**LISTED RECORDS**
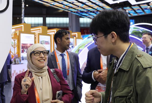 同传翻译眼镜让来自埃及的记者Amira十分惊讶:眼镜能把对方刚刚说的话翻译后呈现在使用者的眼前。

--

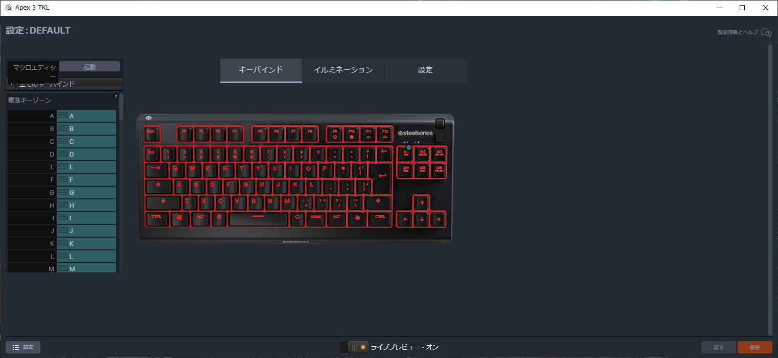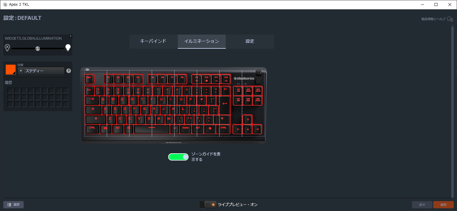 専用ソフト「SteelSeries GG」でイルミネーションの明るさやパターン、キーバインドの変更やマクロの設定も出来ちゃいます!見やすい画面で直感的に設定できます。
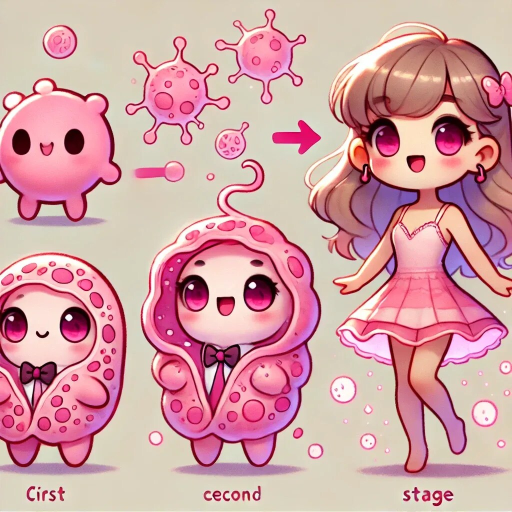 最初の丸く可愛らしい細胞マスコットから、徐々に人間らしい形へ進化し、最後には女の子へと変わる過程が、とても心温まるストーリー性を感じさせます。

**ACTIVITY**
Set the pictures aside and retype exactly the lines above from the line with "専用ソフト「SteelSer" to the line with "最初の丸く可愛らしい細胞マス", both included, adding no others.

**EXERCISE SOLUTION**
 専用ソフト「SteelSeries GG」でイルミネーションの明るさやパターン、キーバインドの変更やマクロの設定も出来ちゃいます!見やすい画面で直感的に設定できます。
 最初の丸く可愛らしい細胞マスコットから、徐々に人間らしい形へ進化し、最後には女の子へと変わる過程が、とても心温まるストーリー性を感じさせます。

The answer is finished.